A New Social Compact?

For the 2021-22 academic year, the Edmond J. Safra Center for Ethics will focus on the theme of “A New Social Compact?

The COVID-19 pandemic has delivered a shock to the nations of the world. Variations in national responses and experiments with economic and health policies have implicitly revealed different conceptions of the social compact (a phrase we use loosely to refer to shared understandings of what members of societies believe they owe to each other).

In the United States, the experience of the pandemic has been defined by failures of governance, leadership, and technocratic expertise.
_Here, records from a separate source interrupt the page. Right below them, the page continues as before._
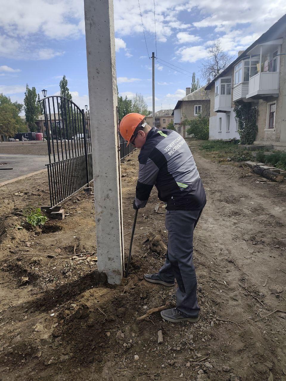 В рамках двустороннего соглашения о сотрудничестве между Удмуртской Республикой и Лутугинским округом в новом парке Лутугино, который расположен по улице Крупской, специалисты Удмуртии заменили аварийные опоры воздушной линии электропередачи 0,4 кВ на новые.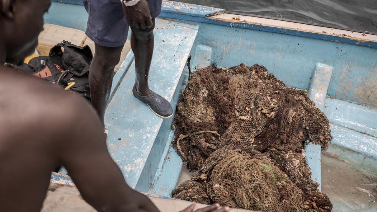 Atlas okyanusunda kıyısı bulunan Senegal`de, su altına bırakılan "hayalet ağlar" okyanustaki canlılar için büyük bir tehdit oluştururken bu ağların zamanla parçalanarak mikro plastiğe dönüşmesi de kirliliğe neden oluyor.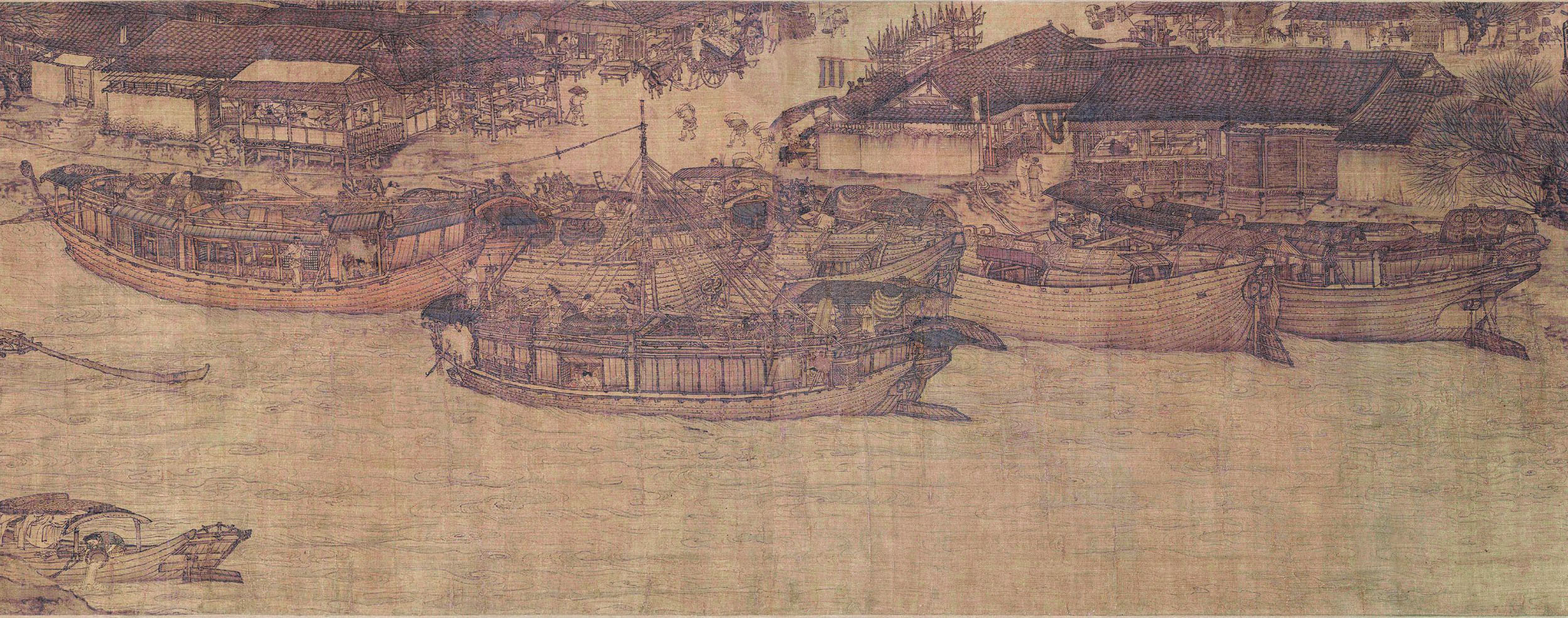 ◎ 河上百舸争流,一派繁荣忙碌的景象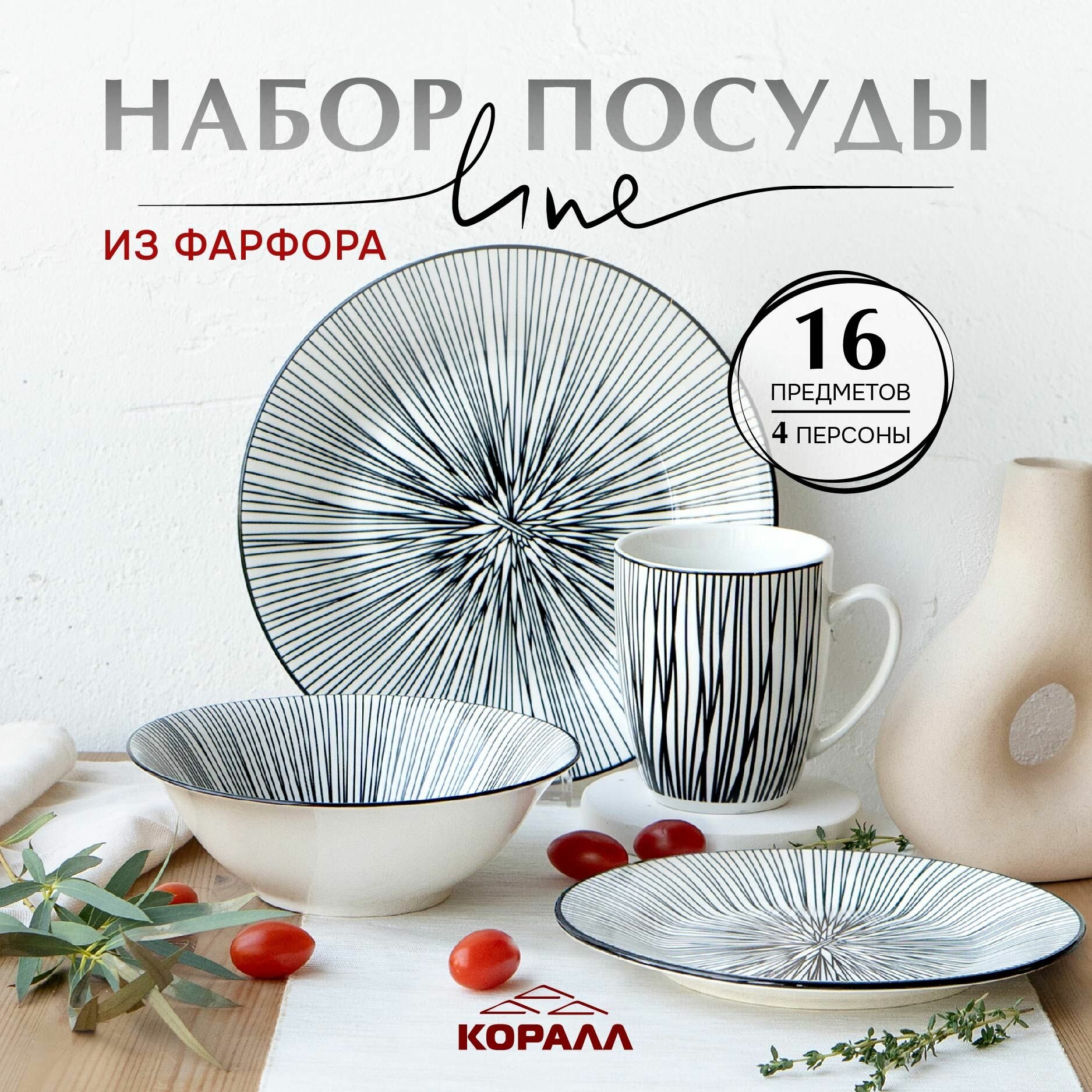СохранитьНабор посуды из фарфора "Line_2" на 4 персоны 16 предметов. Сервиз обеденный семейный интересное:

These failures have led to the stark exposure of underlying health inequities, along with the broad social vulnerability for individuals, and the polity generally, that flows from inequality. The centrality of care provision to our economy and social well-being has also been brought to the fore, made visible by the sudden disappearance of structures like schools that have come to provide so much of the care and services of the social safety net in the United States.

Restrictions on international travel, the fracturing of global supply chains, rationing of medical supplies, and attempts to develop a vaccine all call into question the social compact at a global level. While much innovation in political philosophy, political economy, and public policy has been in development for the last decade, since the global financial crisis, the pandemic presents an occasion for harvesting the fruits of that work with the goal of articulating the foundations of a new social compact.

We invite applications connected to any dimension of this broad field of inquiry. We see the nature of the failures to be addressed as so multifaceted as to make this theme not very restrictive; however, in our usual fashion, we will also consider applications that fall outside the parameters of this thematic description.